All four satellites, he said, appear to be spinning closer to Jupiter with time. During that time Ganymede could have passed through the same sort of gravitational resonant that is heating Io and Europa today. Only Callisto has avoided this tidal heating, and he called that an important clue to how Jupiter and its satellites formed. It was not just a miniature version of the sun and planets but a "starved disk" model that allowed the moons to form slowly without melting.

The audience hung on every word and peppered Stevenson with questions. "For a million dollars," one man asked, "where would you expect to find life—Europa, Ganymede, Callisto, or other?" He grinned and shouted, "OTHER!"

In the afternoon I sat in on a press conference and then toured the posters. Scientific press conferences are not like the President's—there are usually no cameras, just a few scientists at one table and reporters at other tables. The subject was the sunken city of Herakleion, recently discovered off the coast of Egypt where it sank during an earthquake, it's thought, in the years around 720. There's a TV special in the works, and a big session about it tomorrow.

Poster sessions are in a huge hall filled with aisles of partitions, covered with large presentations. Each poster has a sign telling what time the author will be standing there. Here are some of the cool posters I saw today.

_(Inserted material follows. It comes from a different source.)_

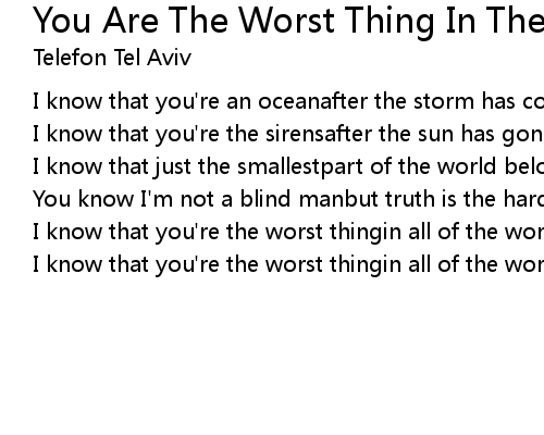 | I know that you're the worst thingin all of the world for me. |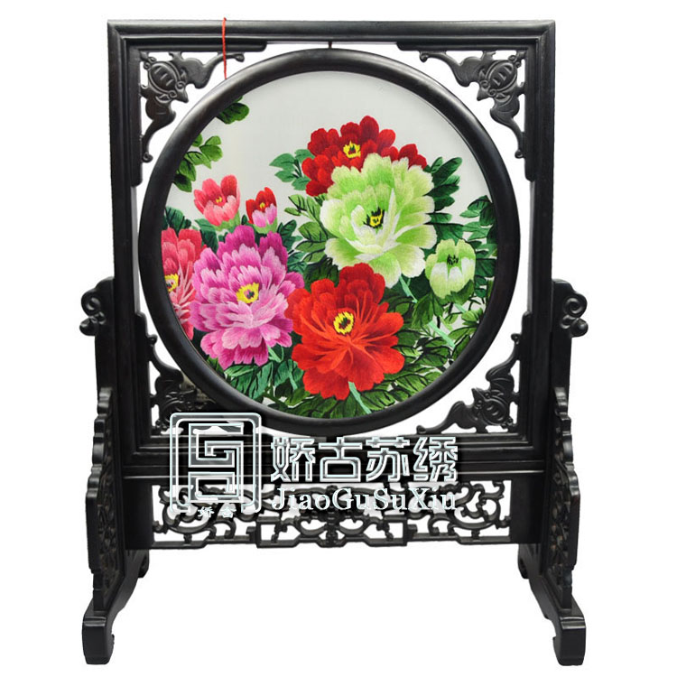 嬌古蘇繡16X25CM雞翅木雙面繡橫座屏,手工刺繡工藝品饋贈(zèng)老外特色禮品

  • Tidal forces from the Moon seem to drag the Earth's continents westward.
  • A database for the remote Siberian impact crater El'gygytgyn is allowing researchers anywhere to do "flythroughs" using satellite imagery.
  • A 1998 expedition to El'gygytgyn recovered a sediment core that records Siberian climate for the last 400,000 years.
  • College teachers send their students around the Web as part of their lessons, with good results. (Didn't see my site, though.)
  • Quake Trackers lets school kids do real seismology on the Web.
  • Rice University is producing a huge educational effort at earth.rice.educalled Public Connection.
  • Large volcanic eruptions into and onto carbonate rocks could cause catastrophic global warming.

Finally, I went to the Honors Ceremony, in the ballroom of the Hilton, and watched several people get medals and awards. The first was a reporter, Richard Hill of the Oregonian. One of us!